There is still one thing that is unclear to me. I am scheduled to receive a DISH1000 (on my presently scheduled installation date of Jan 10) along with the 942 STB. I have ordered all VOOM channels and all the other HD service I can get. If DISH is already using MPEG4 and if the 942 cannot decode MPEG4, am I going to have a mismatch between my antenna and my STB? Or, is it the case that DISH is not doing anything in MPEG4 at this time, so that MPEG4 is no issue at all in the here and now? (I am guessing that the latter premise is correct.)

One more question: quite by chance I seem to have made a contract not directly with DISH but with a DISH-authorized installer. (I called an 800 number I got off the internet in the belief that it was a direct line to DISH.) They are selling me the 942 for $250 as a first-time subscriber, BUT they are also charging me an additional $5 per month for its use, and they stipulated that I do not own the 942. What's up with that? Have I made a bad deal? Am I better off dealing directly with DISH for my installation?


----------



## tunagimp (Jul 7, 2004)

lmarkoff said:


> There is still one thing that is unclear to me. I am scheduled to receive a DISH1000 (on my presently scheduled installation date of Jan 10) along with the 942 STB.
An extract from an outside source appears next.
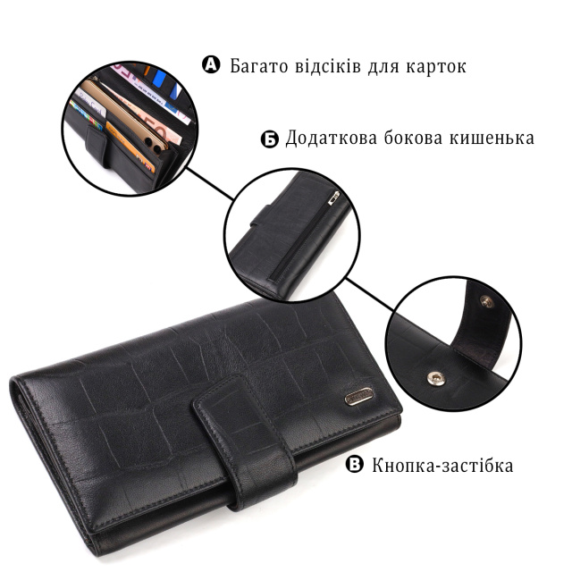 Вместительный мужской кошелек-клатч из натуральной кожи с тиснением под рептилию. Аксессуар имеет одно основное отделение с тканевой перегородкой на молнии, восемнадцать карманов для карточек, карман под сеточкой для пропуска, два скрытых кармана и монетницу. Закрывается аксессуар в два сложения хлястиком на кнопку. На лицевой стороне, в правом нижнем углу металлический логотип компании производителя. Приобретая кожаный аксессуар этой фирмы, себе или на подарок, будьте уверены, что он прослужит Вам не один год.

No one here can tell you what to do.

I, however will be glad to tell what I would do.

I would NOT, repeat NOT, say-again NOT get a 942 installed.

In fact, rather than asking your questions to the nice folks on this board, call 1-800-333-3474 (Speed dial 1 on my phone) and pretend you are a new customer. Ask the friendly CSR's advise about buying a 942 or waiting for the new MPEG-4 receiver, then report back here.


----------



## audiomaster (Jun 24, 2004)

>>They are selling me the 942 for $250 as a first-time subscriber, BUT they are also charging me an additional $5 per month for its use,>>

For less than this $$$ you could buy a used 811 on Ebay and use it for a few months till things settle out! It won't record of course but it is a good HD MPEG-2 unit and does decent off air reception. That is what I did about 6 months ago. Because of Dish's history of problems with early roll out of hardware and early software bugs, I am "holding" where I am till the MPEG-4 units have been out for a month or two, whenever that is.


----------



## Jeff McClellan (Apr 22, 2002)

I would wait, I think you wont regret it. But as far as what kind of deal you will get, that remains to be discovered.


----------



## lmarkoff (Jan 2, 2006)

tegage said:


> I agree. Next Monday there is a Charlie Chat dedicated to HD. I would and see if a 622 announcement is made. If one isn't, then it's up to you. A 622 might materialize in a few months, might not. For me, I got tired of waiting and got my 942 for X-mas. I love the unit, BTW, and it has worked flawlessly for me.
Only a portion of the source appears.